Hello,
I am in the progress of researching an Exchange outtage that occured.
We are using 2 CAS/HT servers and 2 other server installed as a 2 node DAG. All is Exchange 2010 SP2RU3
All of a sudden all users could not acces their mailboxes, the CAS Servers were rebooted and all was ok again.
After researching, I found an error on de MBX DAG server:
eventID 10025, MSExchangeIS:
There are 20 RPC requests that have taken an abnormally long time to complete. This may be indicative of performance issues with your server.
I have found some info:
and
http://technet.microsoft.com/en-us/library/ff477616
Also this one is helpful: http://johanveldhuis.nl/?tag=exchange-2010&lang=en
So here's what I think that happenend:
At some moment there were 20 RPC's not making progress. This caused the affected mailserver to stop working.

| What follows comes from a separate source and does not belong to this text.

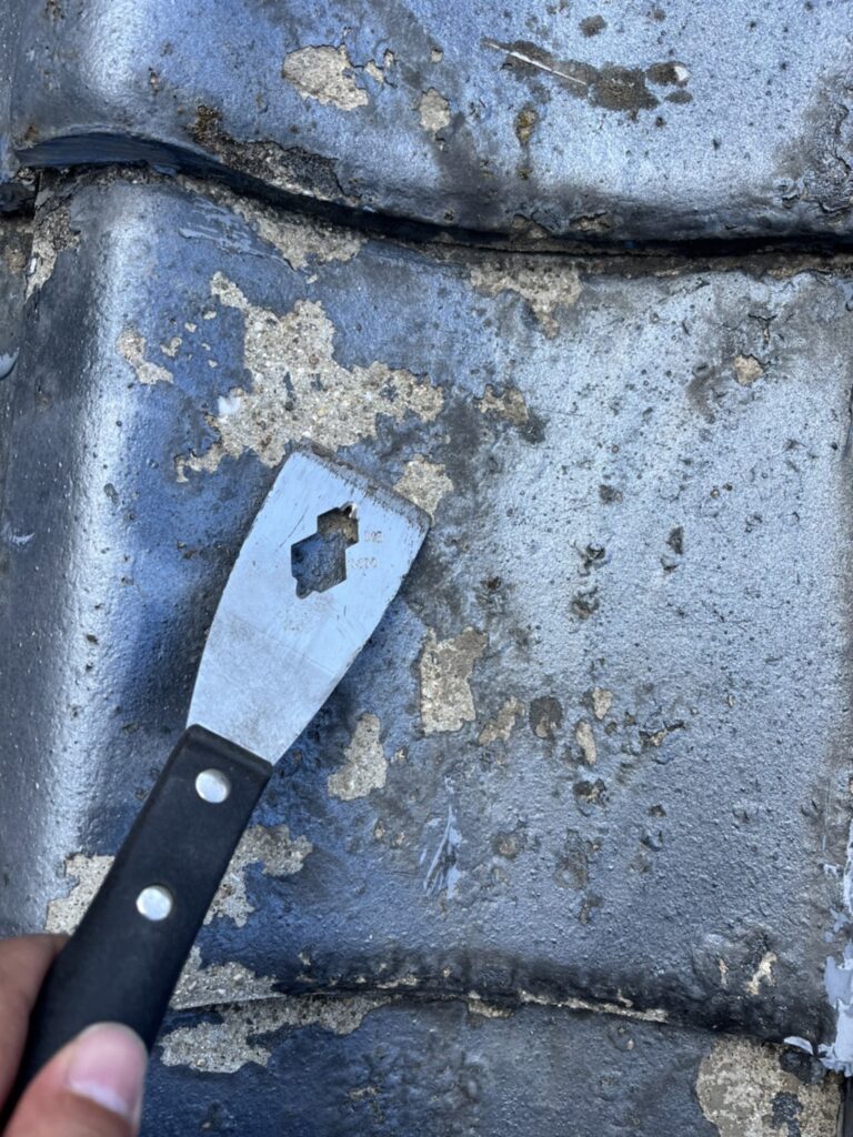 ケレン作業とは、金属屋根やセメント瓦などの表面に付着した 旧塗膜の剥がれ・サビ・汚れ を手工具で丁寧に落とし、塗装が密着しやすい状態に整える工程です。

The reboot of the CAS servers solved the issue, because the RPC's stopped.
Is my theory correct? The links only mention a mailbox Quarantine when a treshold of 5 is reached for a particular mailbox. In this case the mailbox of the offending user will be quarantined, meaning not accessable.
Is doesn't explicitly mention what happens when the treshold of 20 is reached for a Server (this happend to my DAG member)
Anyone